RNA Crystallization: An Irrational Approach. Joseph D. Ng ¹ and Richard Giegé ², ¹Department of Biological Sciences, Structural Biology, University of Alabama at Huntsville, Huntsville, Alabama 35899 USA, ²UPR 9002, IBMC du CNRS, 15 rue René Descartes, 67084 Strasbourg Cedex, France

Combinatorial selection-amplification has been used to study RNA to determine if any nucleic acid (having a minimal size) can exist to serve a particular biochemical function(1). In vitro selection techniques have isolated high affinity molecules to a target from RNA oligonucleotide libraries(2). Selection-amplification methods, on the other hand, have never been used strictly for in vitro selection of crystallizable RNA sequences. Sequence variations have proven to be more effective in changing the quality of the crystals than variations in crystallization conditions, often making the difference among obtaining true single crystals, multiple crystalline material or not obtaining any crystals at all. Because the packing of each RNA sequence is unique and not known before hand, it is difficult to predict which sequence modifications will improve or give rise to crystals of a particular RNA or RNA-protein complex. For example, it has also been demonstrated that adding over hanging bases and varying their number and type is non-disruptive and leads to drastic changes in crystal packing (3).

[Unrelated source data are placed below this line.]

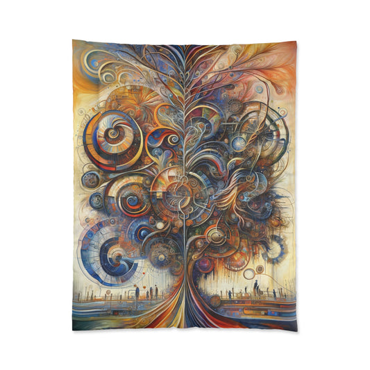 The image titled Ethos Web Abstract is a striking, vertical Tachism-style painting teeming with vibrant colors and intricate details. The imagery conjures the sense of a food web, symbolizing the complex relationship between individual actions and the collective ethos. At the heart of the work is an organic, tree-like structure that serves as the painting s spine, with branches that transform into fluid, abstract shapes. This central motif is surrounded by a multitude of swirling patterns, resembling mechanical cogs, spirals, and celestial orbs, which merge organically with more ethereal, fluid designs. The color palette consists of rich, warm hues of gold, orange, and red cascading into cooler tones of blue, alluding to the dynamic interactions within a community or ecosystem. The symmetry and balance in the composition suggest a mirroring effect or duality, pointing towards a philosophical interpretation of how individual contributions reflect and impact the broader social fabric. The fine, detailed linework throughout the piece, combined with bold, sweeping gestures, creates a sense of depth and movement, drawing the viewer s eye across the canvas. This interplay of color, form, and symbolism makes Ethos Web Abstract a visually captivating representation of the interconnectivity that defines both natural and human-designed systems.
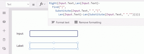 The formula in cell A2 displays the text following the last space in cell A1, and it does this live as you type in cell A1. Take a look at the Power Apps version (click image to animate):
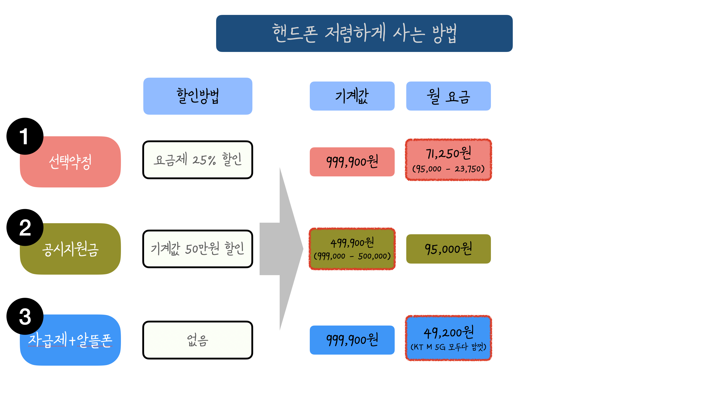 선택약정, 공시지원금, 자급제+알뜰폰을 비교해보도록 하겠습니다.

We present preliminary data of a pool of randomized ribo-oligonuleotides screened for crystallization under a narrow set of crystal growth conditions. Those molecules that do crystallize are examined with the following questions in mind. 1) Do we see favored space groups during crystallization events as observed in proteins? 2) What particular biochemical function, if any, would be or could be associated with the crystallized RNA molecules? 3) Would there be any new structural motifs that may correspond to unanticipated shapes in their three-dimensional structures? 4) What RNAs of different size, sequence, complexity and intrinsic flexibility can exist that would be able to crystallize?

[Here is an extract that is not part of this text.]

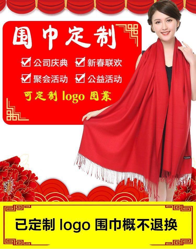 Bufanda de cachemira con borlas de imitación de cachemira de color puro, popular para otoño e invierno, chal cálido, regalo rojo para reuniones anuales, logotipo personalizado

The screening of randomized ribo-oligonucleotide pools also included the usage of positively charged additives (4). RNA crystals that have been obtained in the presence of additives were optically evaluated and X-ray diffraction analysis were performed on selective crystals to compare their space group, cell parameters, and diffraction limit with those of controls. Whereas no changes in space group nor cell parameters were observed for most RNA analyses, changes in diffraction limit were found when certain RNA’s were crystallized with certain synthetic polyamines.